9. Adversarius

2.8K 315 31
                                    


Disclaimer: Naruto and all the character are Masashi Kishimoto's.

.

.

Perlahan kelopak mata Naruto membuka, seberkas cahaya menyilaukan pandang, membuatnya terbangun penuh. Ia mendecak pelan, setelah ini harus mandi, bersiap kemudian berangkat kantor, seperti selalu. Waktunya akan direnggut delapan jam lebih untuk perusahaan. Saat pulang nanti menghadapi macet, lalu yang tersisa baginya hanya lelah, perasaan muak dan tidak berharga. Seolah hidupnya diciptakan demi menghidupi perusahaan orang. Tak ada waktu untuk cinta, terlebih, orang yang dicintai sudah tak mau.

Mengingat Sasuke, Sakura dan kawan-kawannya yang telah berkeluarga, menimbulkan sesak di dada. Umur mereka sama, pekerjaan juga punya, tetapi hanya Naruto yang melajang di usia tiga puluh. Kadang-kadang ia diledek, 'masa 30 tahun kelaminnya buat pipis doang?'. Dan untuk banyolan yang brengseknya tingkat cumlaude itu, Naruto tertawa miris membenarkan. Bagaimana lagi, ia bukan tipe yang kawin di luar nikah. Baginya seks adalah implementasi cinta, dan hatinya milik Hinata seorang. Kalau pun Naruto sampai melakukan seks dengan orang yang tidak dicintai, berarti orang itu istrinya. Ckckck, kedengaran seperti pria baik-baik bukan?

Bangkit dari tempat tidur, Naruto menjalani rutinitas pagi dengan kehambaran super. Penolakan Hinata kemarin-kemarin menguras habis semangatnya. Jika Naruto ngotot mengejar lagi, maka sungguh ia tak tahu diri. Tetapi, berusaha tahu diri pun ternyata tidaklah mudah. Hatinya kosong, seperti tak bertujuan, tak menginginkan apapun – siapapun – dan berada di mana pun. Sederhananya, Naruto ingin menghilang, atau skip fase sengsara ini lalu melompat ke masa depan.

"Makan dulu." Sergah Kushina ketika melihat putranya keluar pintu. Tetapi si bocah hanya menggeleng. Ia memijit pelipis, pusing menyaksikan Naruto seperti mayat hidup. Seingat Kushina, putranya akan seperti ini jika menyangkut satu hal: Hinata.

"Aku berangkat."

Kehampaan berlanjut di kantor, pikirannya tak konsentrasi mengamati algoritma komputer. Dulu, matematika dan teknologi bagi Naruto bak dua hal yang memudahkan kehidupan manusia, sekarang malah memperumit kehidupan. Ia ingin segera hengkang dari angka-angka ini dan melanjutkan realita di luar kubikel.

Pukul dua siang handphone Naruto berdering, panggilan dari nomer tak dikenal.
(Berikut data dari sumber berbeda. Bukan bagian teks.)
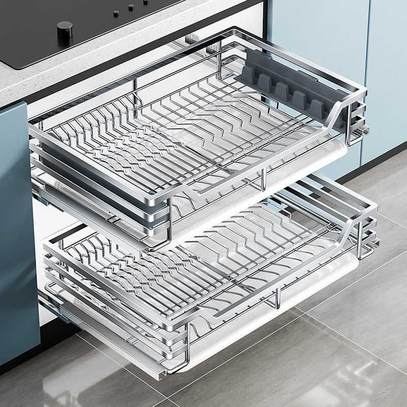 Корзина Mugosha, кухонный шкаф, корзина для мисок, корзина для мисок из нержавеющей стали 304, квадратная сталь, двухслойный шкаф для специй, кухонный шкаф, посуда и миски

Suara asing mengatakan ibunya masuk rumah sakit, kena serangan jantung kecil. Sesaat Naruto berhenti bernafas, tidak percaya berita itu. Kushina masih menawarinya sarapan tadi pagi, dan sekarang terbaring di rumah sakit?

Secepatnya Naruto berlari, tak ada orang lain di sisi sang ibu, Minato sedang dinas ke luar kota. Tak henti-henti ia merutuk, memarahi diri karena tak becus sebagai anak. Ia terlalu sibuk mengurusi perasaannya pada anak orang, sehingga melupakan tanggung jawab pada orang tua. Jika sedikit saja Naruto perhatian, mungkin ia bisa ingat seberapa pucat Kushina tadi pagi sehingga semua bisa diantisipasi. Fool you, Naruto!

.

.

Hinata baru mendapat kabar dari Neji bahwa Kushina masuk rumah sakit. Diliriknya arloji, masih pukul 7, belum terlalu malam kalau menjenguk sekarang. Maka segera ia mencari taksi ke rumah sakit.

Seingat Hinata, Kushina tidak memiliki riwayat jantung, juga sangat jarang sakit. Tetapi hari ini rupanya satu di luar yang jarang itu. Penyakit dalam tidak pernah sederhana, meskipun pemicunya katakanlah cuma lelah yang ditumpuk. Kalau begini, ia merasa bersalah karena selaku orang dekat, kurang perhatian. Cepat-cepat Hinata ke rumah sakit, takut Kushina ditinggal sendiri jika Naruto sibuk mengurus administrasi.